• [REQUIRED WORK]
Starting at the line containing "メンズ トップス 通勤 無" and ending at the line containing "The three-bedroom villa", transcribe the listing below exactly. Keep both end lines, skip the pictures, and copy nothing else.

• [TASK INPUT]
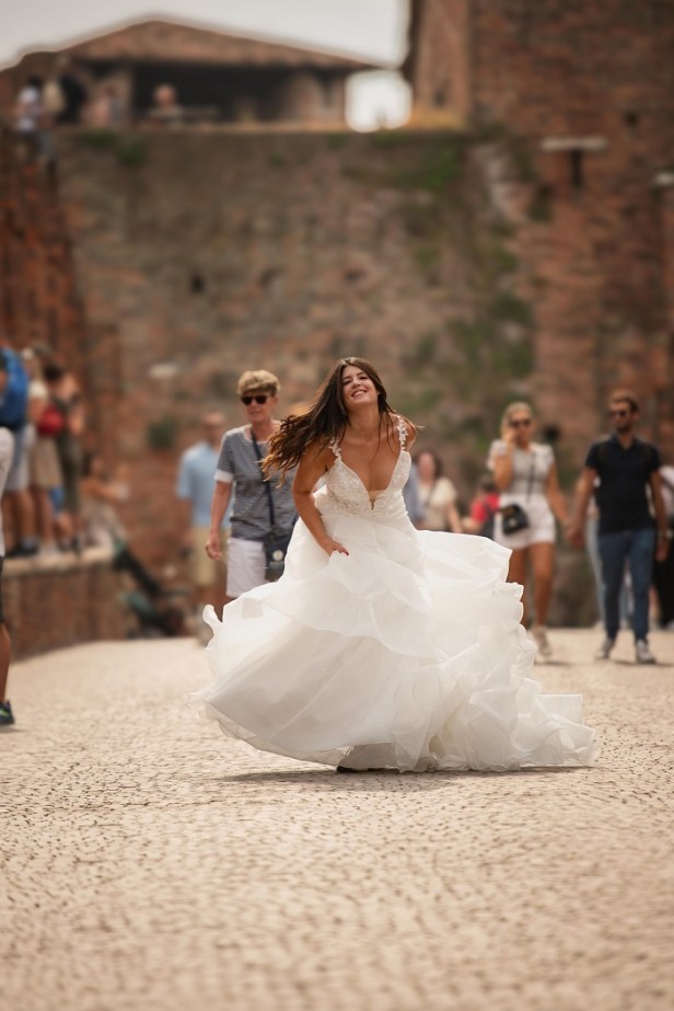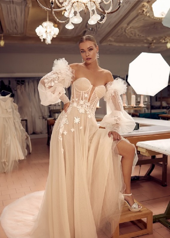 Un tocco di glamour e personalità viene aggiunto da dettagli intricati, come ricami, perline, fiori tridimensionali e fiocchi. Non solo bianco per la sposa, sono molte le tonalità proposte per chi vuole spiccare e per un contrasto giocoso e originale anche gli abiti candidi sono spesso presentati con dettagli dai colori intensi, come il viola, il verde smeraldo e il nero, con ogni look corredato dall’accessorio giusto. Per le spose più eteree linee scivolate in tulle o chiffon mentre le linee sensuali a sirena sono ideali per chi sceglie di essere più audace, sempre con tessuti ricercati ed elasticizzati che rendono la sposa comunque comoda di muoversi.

==

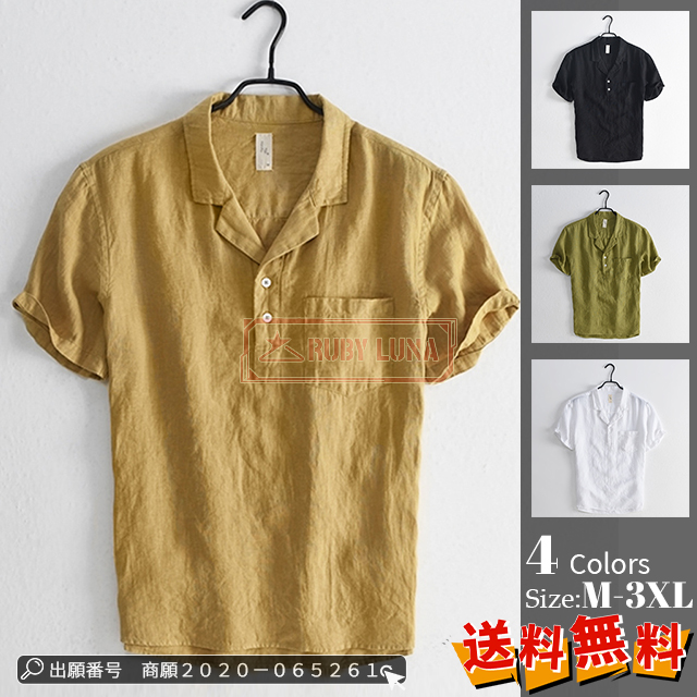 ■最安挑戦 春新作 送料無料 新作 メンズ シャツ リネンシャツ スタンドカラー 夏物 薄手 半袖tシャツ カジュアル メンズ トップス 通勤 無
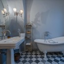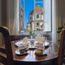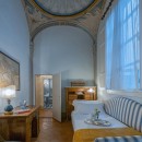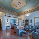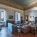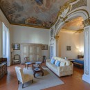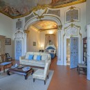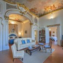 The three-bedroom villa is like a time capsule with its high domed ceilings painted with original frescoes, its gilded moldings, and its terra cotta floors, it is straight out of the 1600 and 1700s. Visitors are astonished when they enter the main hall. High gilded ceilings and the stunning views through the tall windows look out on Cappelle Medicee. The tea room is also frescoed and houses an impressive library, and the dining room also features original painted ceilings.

...

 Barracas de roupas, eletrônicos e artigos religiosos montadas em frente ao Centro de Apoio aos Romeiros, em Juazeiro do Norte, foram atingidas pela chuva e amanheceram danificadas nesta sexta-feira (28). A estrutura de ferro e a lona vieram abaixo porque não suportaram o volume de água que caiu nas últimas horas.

• [RESPONSE AREA]
 ■最安挑戦 春新作 送料無料 新作 メンズ シャツ リネンシャツ スタンドカラー 夏物 薄手 半袖tシャツ カジュアル メンズ トップス 通勤 無
 The three-bedroom villa is like a time capsule with its high domed ceilings painted with original frescoes, its gilded moldings, and its terra cotta floors, it is straight out of the 1600 and 1700s. Visitors are astonished when they enter the main hall. High gilded ceilings and the stunning views through the tall windows look out on Cappelle Medicee. The tea room is also frescoed and houses an impressive library, and the dining room also features original painted ceilings.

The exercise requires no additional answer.